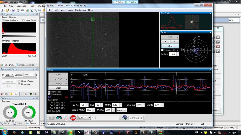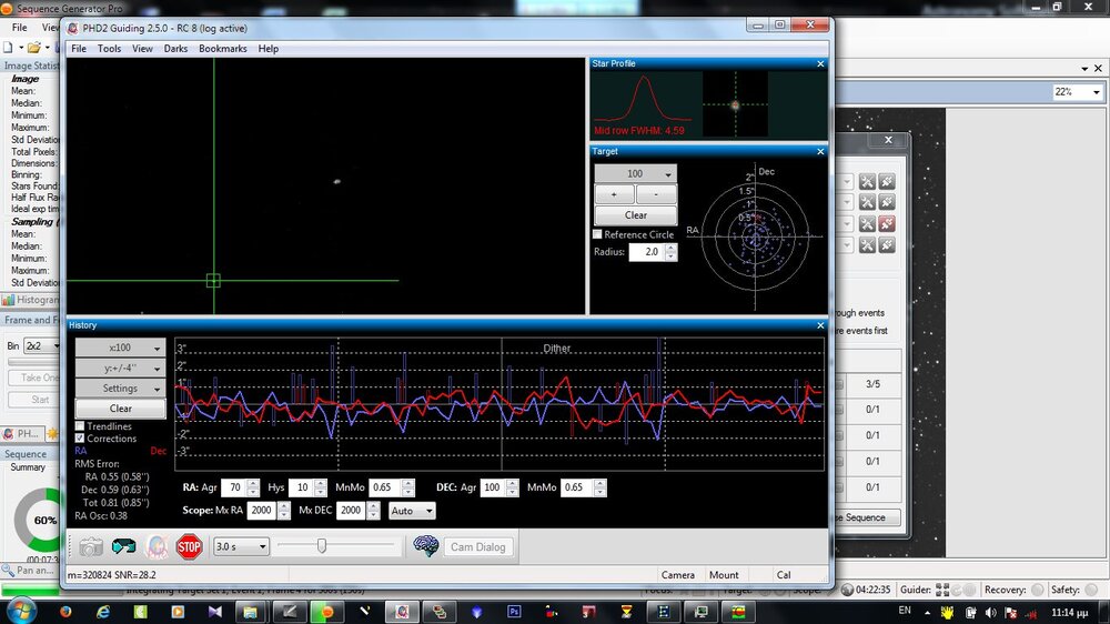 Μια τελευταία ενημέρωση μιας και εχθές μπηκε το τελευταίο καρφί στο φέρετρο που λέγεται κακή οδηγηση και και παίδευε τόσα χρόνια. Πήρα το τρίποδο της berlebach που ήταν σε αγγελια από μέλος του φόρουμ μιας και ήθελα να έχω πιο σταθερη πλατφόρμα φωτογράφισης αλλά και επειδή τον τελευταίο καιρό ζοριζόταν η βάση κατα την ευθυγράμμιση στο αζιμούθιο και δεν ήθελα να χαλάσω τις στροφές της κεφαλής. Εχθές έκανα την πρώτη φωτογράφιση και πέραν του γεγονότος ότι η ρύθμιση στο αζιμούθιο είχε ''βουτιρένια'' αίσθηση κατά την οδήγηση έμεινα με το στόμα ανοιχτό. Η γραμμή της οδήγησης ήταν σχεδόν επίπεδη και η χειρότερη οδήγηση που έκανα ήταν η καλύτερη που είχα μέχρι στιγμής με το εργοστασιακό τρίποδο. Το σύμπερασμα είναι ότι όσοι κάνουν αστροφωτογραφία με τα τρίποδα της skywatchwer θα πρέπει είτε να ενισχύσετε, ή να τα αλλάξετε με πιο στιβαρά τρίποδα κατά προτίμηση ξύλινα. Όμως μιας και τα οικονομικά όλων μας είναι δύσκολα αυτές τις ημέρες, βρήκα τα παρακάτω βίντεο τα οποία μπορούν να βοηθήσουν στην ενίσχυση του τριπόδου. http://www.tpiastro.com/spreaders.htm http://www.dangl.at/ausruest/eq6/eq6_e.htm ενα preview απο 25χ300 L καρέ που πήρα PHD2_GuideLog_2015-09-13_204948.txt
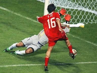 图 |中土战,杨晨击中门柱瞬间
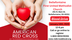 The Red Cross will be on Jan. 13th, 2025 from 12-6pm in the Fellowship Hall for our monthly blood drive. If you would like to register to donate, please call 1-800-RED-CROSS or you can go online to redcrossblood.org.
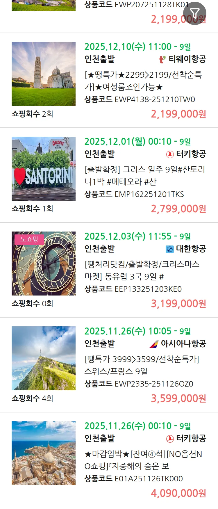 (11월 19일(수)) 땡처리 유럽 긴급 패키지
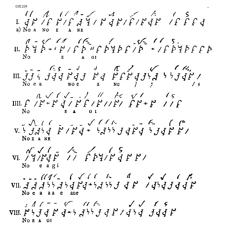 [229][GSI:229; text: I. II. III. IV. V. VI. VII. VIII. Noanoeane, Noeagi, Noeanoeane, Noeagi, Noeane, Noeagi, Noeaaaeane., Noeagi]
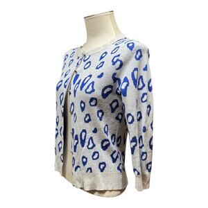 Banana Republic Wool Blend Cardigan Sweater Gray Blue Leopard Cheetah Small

==*==

Copy out the lines above unchanged. Skip the images.

* Response to this task *
 Μια τελευταία ενημέρωση μιας και εχθές μπηκε το τελευταίο καρφί στο φέρετρο που λέγεται κακή οδηγηση και και παίδευε τόσα χρόνια. Πήρα το τρίποδο της berlebach που ήταν σε αγγελια από μέλος του φόρουμ μιας και ήθελα να έχω πιο σταθερη πλατφόρμα φωτογράφισης αλλά και επειδή τον τελευταίο καιρό ζοριζόταν η βάση κατα την ευθυγράμμιση στο αζιμούθιο και δεν ήθελα να χαλάσω τις στροφές της κεφαλής. Εχθές έκανα την πρώτη φωτογράφιση και πέραν του γεγονότος ότι η ρύθμιση στο αζιμούθιο είχε ''βουτιρένια'' αίσθηση κατά την οδήγηση έμεινα με το στόμα ανοιχτό. Η γραμμή της οδήγησης ήταν σχεδόν επίπεδη και η χειρότερη οδήγηση που έκανα ήταν η καλύτερη που είχα μέχρι στιγμής με το εργοστασιακό τρίποδο. Το σύμπερασμα είναι ότι όσοι κάνουν αστροφωτογραφία με τα τρίποδα της skywatchwer θα πρέπει είτε να ενισχύσετε, ή να τα αλλάξετε με πιο στιβαρά τρίποδα κατά προτίμηση ξύλινα. Όμως μιας και τα οικονομικά όλων μας είναι δύσκολα αυτές τις ημέρες, βρήκα τα παρακάτω βίντεο τα οποία μπορούν να βοηθήσουν στην ενίσχυση του τριπόδου. http://www.tpiastro.com/spreaders.htm http://www.dangl.at/ausruest/eq6/eq6_e.htm ενα preview απο 25χ300 L καρέ που πήρα PHD2_GuideLog_2015-09-13_204948.txt
 图 |中土战,杨晨击中门柱瞬间
 The Red Cross will be on Jan. 13th, 2025 from 12-6pm in the Fellowship Hall for our monthly blood drive. If you would like to register to donate, please call 1-800-RED-CROSS or you can go online to redcrossblood.org.
 (11월 19일(수)) 땡처리 유럽 긴급 패키지
 [229][GSI:229; text: I. II. III. IV. V. VI. VII. VIII. Noanoeane, Noeagi, Noeanoeane, Noeagi, Noeane, Noeagi, Noeaaaeane., Noeagi]
 Banana Republic Wool Blend Cardigan Sweater Gray Blue Leopard Cheetah Small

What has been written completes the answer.